* [Problem requirements]: Using the listing below, please print exactly the lines from the one with "El Rhod RGB" through the one with "Refresh and revitalize". Leave out every picture.
───── Provided information
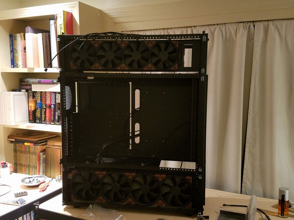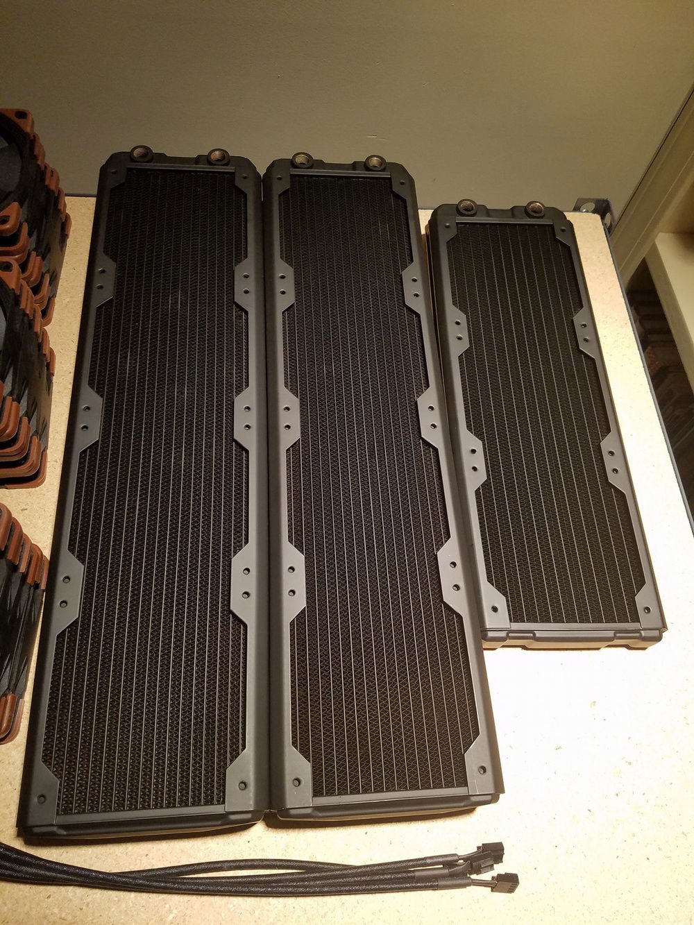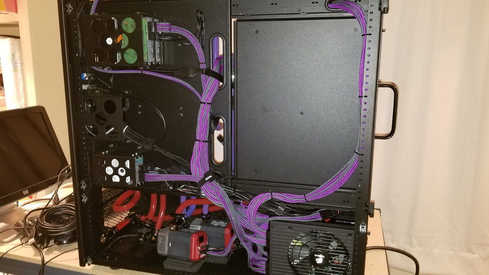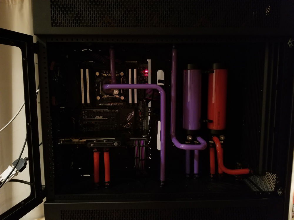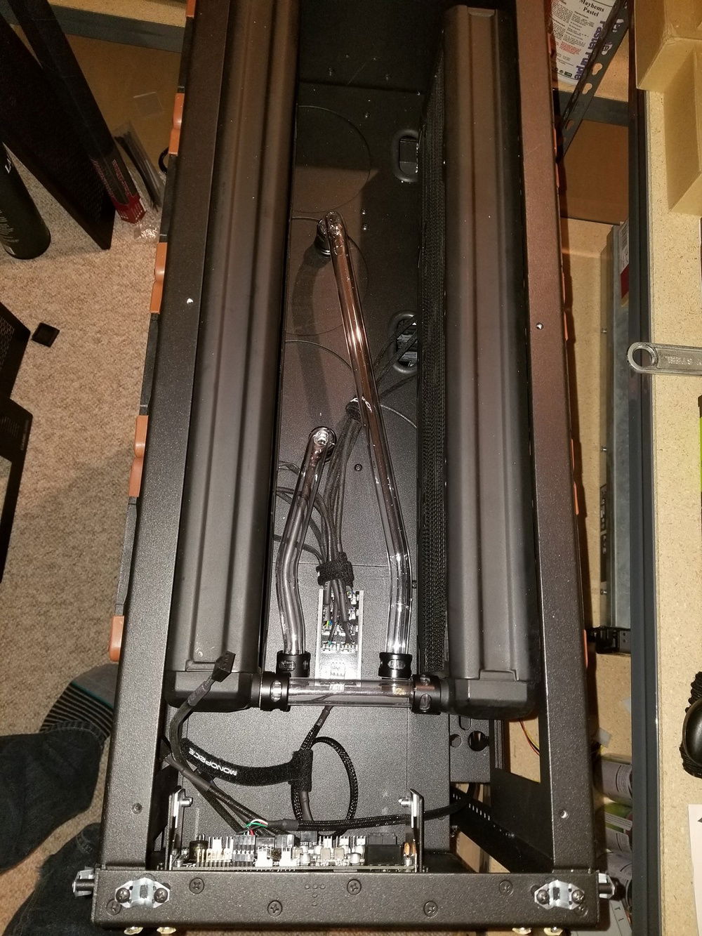 First attempt at a watercooled pc, little over 12 months of building and still not done. When my previous computer started to show it's age I decided it was time to dip my feet into some water cooling and go all out a Caselabs case and custom water cooling. Some things never got finished for various reasons (sli 1080ti's) and others have been put off until I clean out the loop (finish the led strip mounting) and place her on my custom desk.
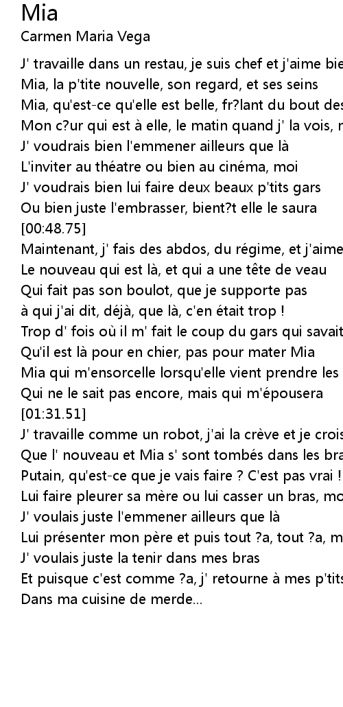 | [01:16.57] | Qu' il est là pour en chier, pas pour mater Mia |
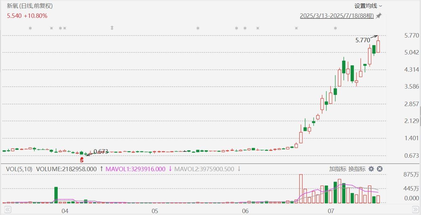 新氧(SY.US)盘中一度涨超15%,报5.77美元,股价创2021年8月以来新高。继6月收涨261.52%后,该股7月已再度累涨近80%,年内累计涨幅更是高达586%。
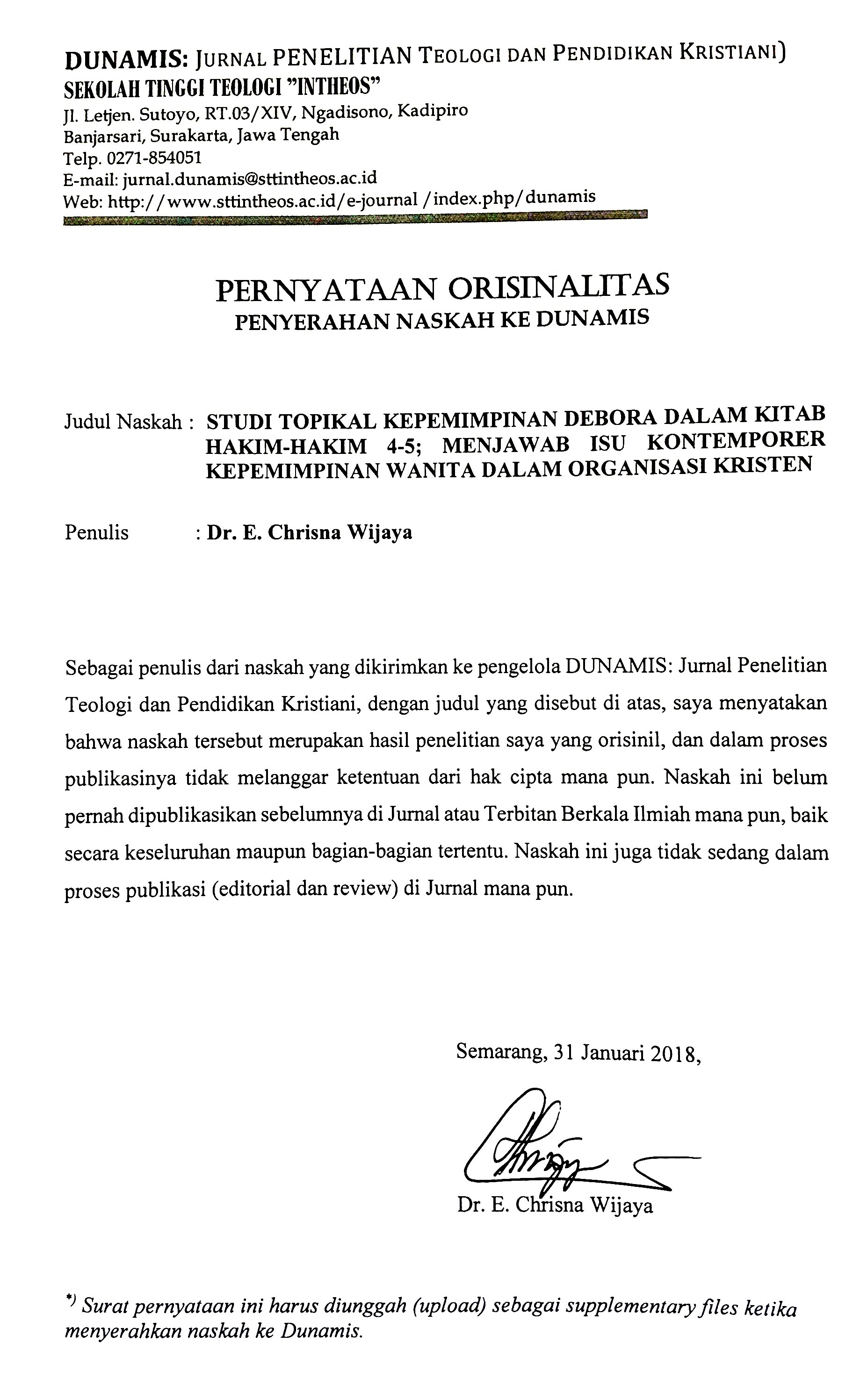 Abstract. The most dominant issue in contemporary leadership is gender issues. The position of men is considered more special than women. This view has led to the emergence of discriminatory practices against women, not least in the world of Christianity. The views of conservative theologians in relation to the realm of leadership are not so different from the above. The stereotype is often a strong reason for restricting or forbidding women to become leaders. Through this study, the author analyzes some important sections of the text from Judge 4-5 through the character analysis method, to answer the polemic and to the understanding that the effectiveness of a leader is not based on gender. Through this analysis the result is that there is no partiality to one gender in the election of a leader in the midst of God's people.Abstrak. Isu yang paling dominan dalam kepemimpinan kontemporer adalah isu gender. Kedudukan laki-laki dipandang lebih istimewa dibandingkan perempuan. Pandangan tersebut menyebabkan munculnya praktik diskriminasi terhadap kaum perempuan, tidak terkecuali dalam dunia Kekristenan. Pandangan para teolog konservatif sehubungan dengan ranah kepemimpinan, tidak berbeda jauh dengan pandangan tersebut di atas. Stereotype tersebut seringkali menjadi alasan yang kuat untuk membatasi atau melarang wanita untuk menjadi pemimpin. Melalui penelitian ini, penulis menganalisis beberapa bagian teks yang penting dari Kitab Hakim-hakim 4-5 melalui metode analisis tokoh, untuk menjawab polemik tersebut dan pemahaman bahwa keefektifan seorang pemimpin, tidak berdasarkan pada gender. Melalui analisis tersebut diperoleh hasil bahwa tidak ada keberpihakan terhadap satu gender dalam terpilihnya seorang pemimpin di tengah-tengah umat Allah.
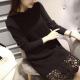 秋冬中长款宽松套头毛衣女拼色打底衫春装新款针织连衣裙潮
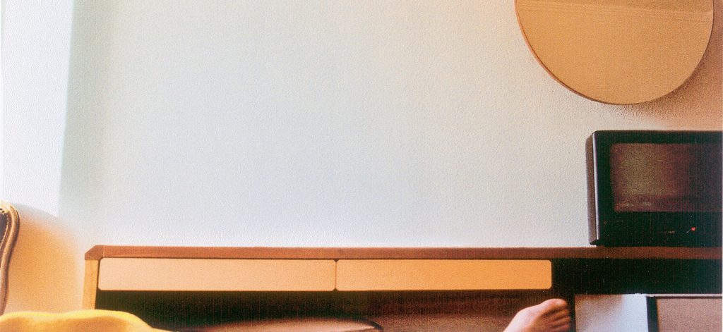 In der aktuellen Ausstellung „ICH“ sind zwei Inkjet-Fotoprints von Eberhard Havekost zu sehen, die ein Fragment aus dem nomadischen Leben eines erfolgreichen Künstlers festhalten. Die beiden kleinformatigen Blätter heißen „Hotel“. Sie sind 2003 entstanden. Die typische, neutral-anonyme Hoteleinrichtung steht im Mittelpunkt der Fotografien. Am unteren Bildrand taucht einmal ein blanker Fuß auf, einmal ist ein Stück Knie zu sehen. Die abgebildete, sich selbst abbildende Person ist nur bedingt zu sehen. Der Verweis darauf ist so minimal wie nur möglich. Er reicht jedoch aus, um Präsenz zu suggerieren.
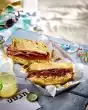 Cut out two circles (approx. 10 cm in diameter) from each puff pastry sheet. Put some filling in the middle. Brush the edge of the pastry with water. Beat the dough over the filling and press the edges together with a fork.
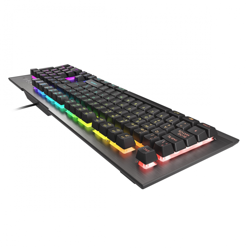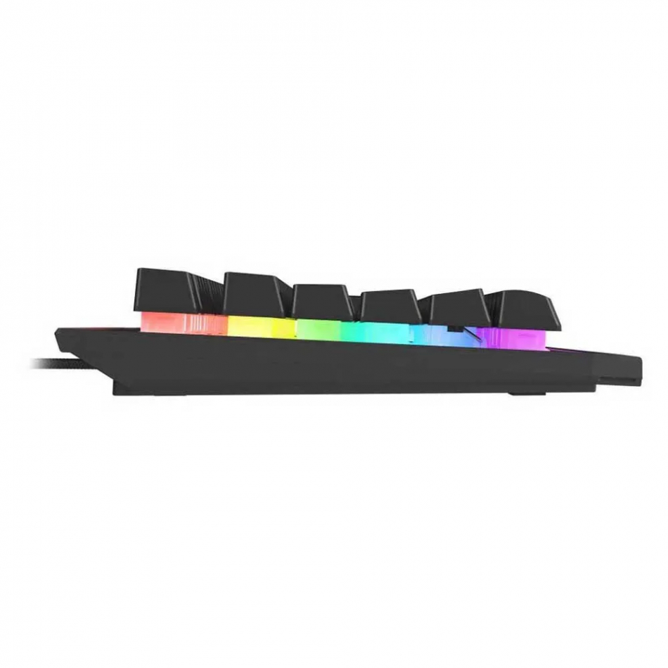 El Rhod RGB 500 está equipado con un mecanismo de membrana silencioso y duradero, caracterizado por una baja cantidad de presión de 55g, un tiempo de respuesta de 8ms y un punto de activación de 2.5mm. La función de bloqueo de la tecla de Windows le permitirá jugar sin minimizar accidentalmente el juego.
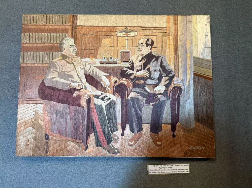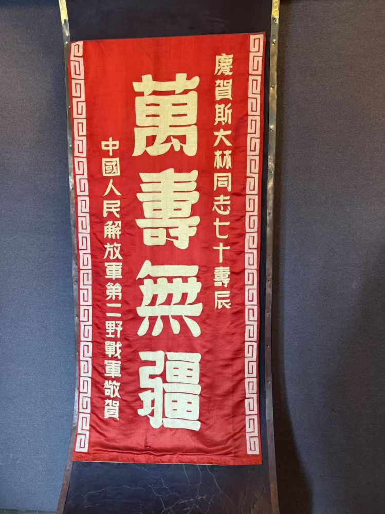 引人注目的是中国各界为斯大林七十大寿赠送的礼品,包括一幅题有“万寿无疆”的红绸缎,一个桃子形状的红色沙发靠垫,和一副祝寿红绸。 还有一幅斯大林和毛泽东会晤的刺绣画,照片中斯大林的体态要比毛泽东健壮的多,但实际上斯大林的身高是1.62米,而毛泽东的身高至少 1.73, 这一类的宣传画在当时很常见。
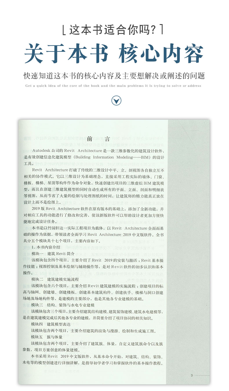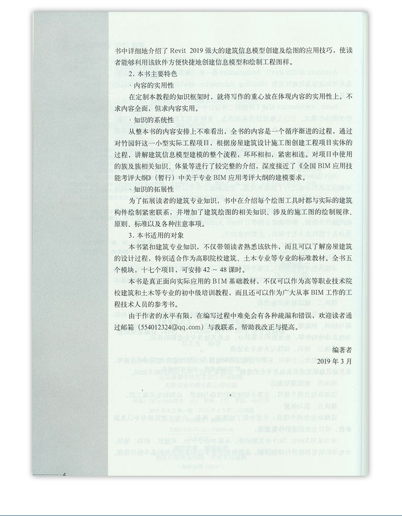 本书分为五个模块共十七个项目。模块一,建筑Revit简介,主要介绍了Revit2019的安装与激活;Revit基本操作技能;视图控制及基本绘制与辅助操作等。模块二,建筑建模实施流程,主要介绍Revit建筑建模的实施流程:创建项目的标高与轴网、创建墙、创建楼板、创建基本建筑构件、创建扶手、楼梯与洞口、创建场地及场地构件等。模块三,结构、装饰与水电专业建模,主要介绍建筑结构建模、建筑装饰建模、建筑水电建模等。模块四,建筑模型表达,主要介绍建筑的渲染与漫游、绘制和生成施工图。模块五,族与体量,主要介绍了建筑族、体量,自定义建筑族和项目方案创意。
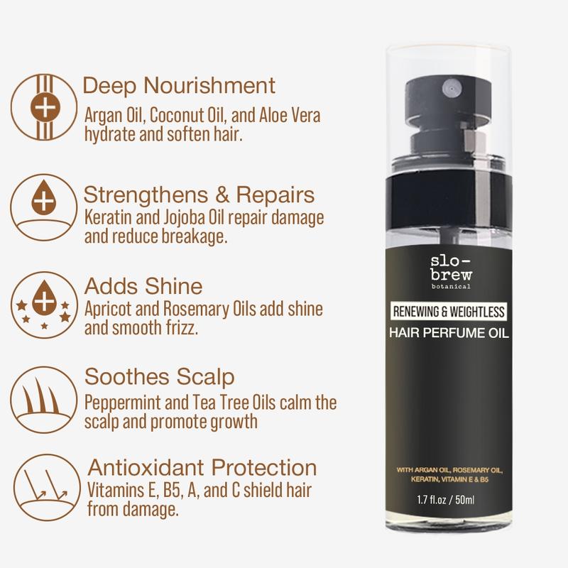 Refresh and revitalize your hair with SLO-BREW Hair Perfume Spray, a lightweight formula that blends long-lasting fragrance with nourishing care.
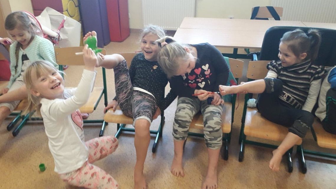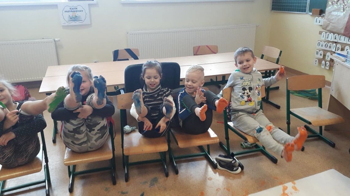 Maluchy z zerówki wspaniale łączą zabawę z nauką . Postanowiliśmy wymyślić zabawę ruchową ...grę , którą dzieci nazwały STOPKI. Najpierw malowały stopy, a później odbijały je na długim papierze w różnych kierunkach. Gdy odbicia wyschły i ścieżka dziecięcych stópek była gotowa , zadaniem było w jak najkrótszym czasie pokonać dystans ustawiając własne stopy w sposób , które wskazywały rysunki. Zabawa była świetna, ale najwięcej radości i śmiechu przysporzyło dzieciakom wspólne malowanie stóp.
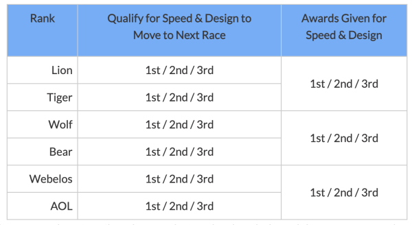 Every unit and district race is encouraged to follow these updated rules so that there is consistency on qualifying for the Council Pinewood Derby.
──────────
* [Written response]:
 El Rhod RGB 500 está equipado con un mecanismo de membrana silencioso y duradero, caracterizado por una baja cantidad de presión de 55g, un tiempo de respuesta de 8ms y un punto de activación de 2.5mm. La función de bloqueo de la tecla de Windows le permitirá jugar sin minimizar accidentalmente el juego.
 引人注目的是中国各界为斯大林七十大寿赠送的礼品,包括一幅题有“万寿无疆”的红绸缎,一个桃子形状的红色沙发靠垫,和一副祝寿红绸。 还有一幅斯大林和毛泽东会晤的刺绣画,照片中斯大林的体态要比毛泽东健壮的多,但实际上斯大林的身高是1.62米,而毛泽东的身高至少 1.73, 这一类的宣传画在当时很常见。
 本书分为五个模块共十七个项目。模块一,建筑Revit简介,主要介绍了Revit2019的安装与激活;Revit基本操作技能;视图控制及基本绘制与辅助操作等。模块二,建筑建模实施流程,主要介绍Revit建筑建模的实施流程:创建项目的标高与轴网、创建墙、创建楼板、创建基本建筑构件、创建扶手、楼梯与洞口、创建场地及场地构件等。模块三,结构、装饰与水电专业建模,主要介绍建筑结构建模、建筑装饰建模、建筑水电建模等。模块四,建筑模型表达,主要介绍建筑的渲染与漫游、绘制和生成施工图。模块五,族与体量,主要介绍了建筑族、体量,自定义建筑族和项目方案创意。
 Refresh and revitalize your hair with SLO-BREW Hair Perfume Spray, a lightweight formula that blends long-lasting fragrance with nourishing care.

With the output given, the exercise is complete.